▶ **PROBLEM TO WORK ON**:
Give all of the data below again exactly, and drop the images.

▶ **STORED DATA**:
Start of Block

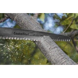 I seghetti professionali della serie G sono muniti di fodero con fibbia orientabile. Le lame sono in acciaio ad alto contenuto di carbonio con ricopertura al cromo duro per aumentare la penetrazione nel ramo e come trattamento anti-ruggine. Il taglio netto e preciso rende la superficie del legno liscia e levigata, questo evita infezioni e consente una rapida cicatrizzazione del ramo. I denti sono affilati su 3 piani e con tempra ad impulsi per prolungare al massimo la durata dell’affilatura. La particolare lavorazione della lama detta “a piani svasati” è studiata per migliorare la penetrazione nel ramo diminuendo radicalmente l’attrito.
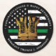 Dessous de verre de retraite militaire de la Ligne verte mince. Célébrez les années de service dévoué, votre retraite militaire et accueillir vos amis et votre famille à votre fête militaire avec ce drapeau rustique de la ligne verte mince avec des bottes d'or de l'armée dessous de verre de retraite militaire. Etats-Unis Drapeau américain dans les couleurs du drapeau militaire, noir vert blanc et or design. Cette serviette de retraite militaire est également parfaite pour la remise des diplômes militaires, le départ d'un soldat, les déploiements et le retour à la maison, le lieu de changement dans la personnalisation. Consultez notre collection pour obtenir des invitations à la retraite, des cadeaux, des faveurs pour la retraite militaire et des fournitures. DROIT D'AUTEUR © 2021 Judy Burrows, Black Dog Art - Tous droits réservés. Retraite militaire Léger Ligne verte Drapeau du Dessous de verre de papier rond de l'Armée
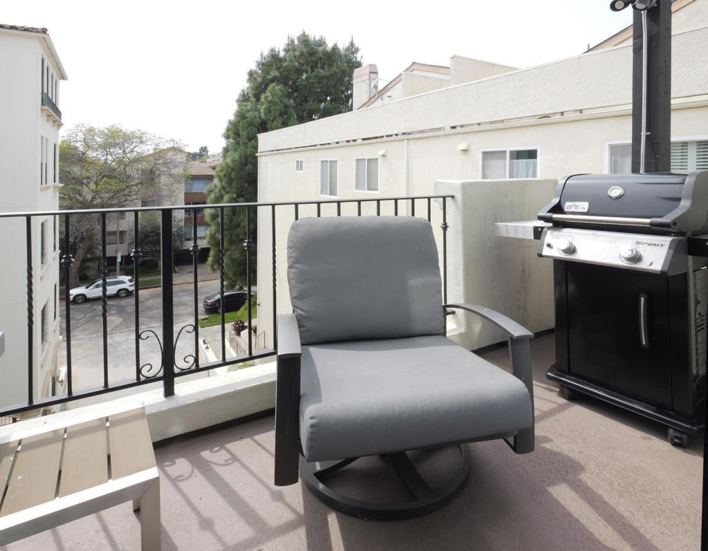 Situated in the highly desirable Westwood neighborhood, this sophisticated top-floor penthouse offers approximately 2,165 square feet of beautifully designed living space, showcasing elegant details throughout. The thoughtfully designed three-bedroom, two-bathroom layout features an expansive open-concept living and dining area complete with 2 fireplace units, rich hardwood floors, designer lighting, and soaring ceilings accented by crown molding.The gourmet remodeled kitchen seamlessly connects to the living area and breakfast nook, and is appointed with marble countertops, ample cabinetry, and premium Viking appliances--perfect for both everyday living and entertaining. The spacious primary suite serves as a private sanctuary, featuring a generous walk-in closet and a luxurious en-suite bathroom with dual vanities and soaking tub illuminated by a skylight above.Step outside to a private balcony overlooking serene, tree-lined views--an inviting space for outdoor dining, relaxing, or enjoying a BBQ.Residents of The Courtyard on Camden enjoy a beautifully maintained building with a charming fountain courtyard, lush landscaping, elevator access, and a secure subterranean garage with two dedicated parking spaces.Ideally located just moments from Westwood Village, UCLA, and an array of premier shopping and dining options, this exceptional residence offers the best of refined California living.

End of Block

▶ **RESULT OF THE TASK**:
 I seghetti professionali della serie G sono muniti di fodero con fibbia orientabile. Le lame sono in acciaio ad alto contenuto di carbonio con ricopertura al cromo duro per aumentare la penetrazione nel ramo e come trattamento anti-ruggine. Il taglio netto e preciso rende la superficie del legno liscia e levigata, questo evita infezioni e consente una rapida cicatrizzazione del ramo. I denti sono affilati su 3 piani e con tempra ad impulsi per prolungare al massimo la durata dell’affilatura. La particolare lavorazione della lama detta “a piani svasati” è studiata per migliorare la penetrazione nel ramo diminuendo radicalmente l’attrito.
 Dessous de verre de retraite militaire de la Ligne verte mince. Célébrez les années de service dévoué, votre retraite militaire et accueillir vos amis et votre famille à votre fête militaire avec ce drapeau rustique de la ligne verte mince avec des bottes d'or de l'armée dessous de verre de retraite militaire. Etats-Unis Drapeau américain dans les couleurs du drapeau militaire, noir vert blanc et or design. Cette serviette de retraite militaire est également parfaite pour la remise des diplômes militaires, le départ d'un soldat, les déploiements et le retour à la maison, le lieu de changement dans la personnalisation. Consultez notre collection pour obtenir des invitations à la retraite, des cadeaux, des faveurs pour la retraite militaire et des fournitures. DROIT D'AUTEUR © 2021 Judy Burrows, Black Dog Art - Tous droits réservés. Retraite militaire Léger Ligne verte Drapeau du Dessous de verre de papier rond de l'Armée
 Situated in the highly desirable Westwood neighborhood, this sophisticated top-floor penthouse offers approximately 2,165 square feet of beautifully designed living space, showcasing elegant details throughout. The thoughtfully designed three-bedroom, two-bathroom layout features an expansive open-concept living and dining area complete with 2 fireplace units, rich hardwood floors, designer lighting, and soaring ceilings accented by crown molding.The gourmet remodeled kitchen seamlessly connects to the living area and breakfast nook, and is appointed with marble countertops, ample cabinetry, and premium Viking appliances--perfect for both everyday living and entertaining. The spacious primary suite serves as a private sanctuary, featuring a generous walk-in closet and a luxurious en-suite bathroom with dual vanities and soaking tub illuminated by a skylight above.Step outside to a private balcony overlooking serene, tree-lined views--an inviting space for outdoor dining, relaxing, or enjoying a BBQ.Residents of The Courtyard on Camden enjoy a beautifully maintained building with a charming fountain courtyard, lush landscaping, elevator access, and a secure subterranean garage with two dedicated parking spaces.Ideally located just moments from Westwood Village, UCLA, and an array of premier shopping and dining options, this exceptional residence offers the best of refined California living.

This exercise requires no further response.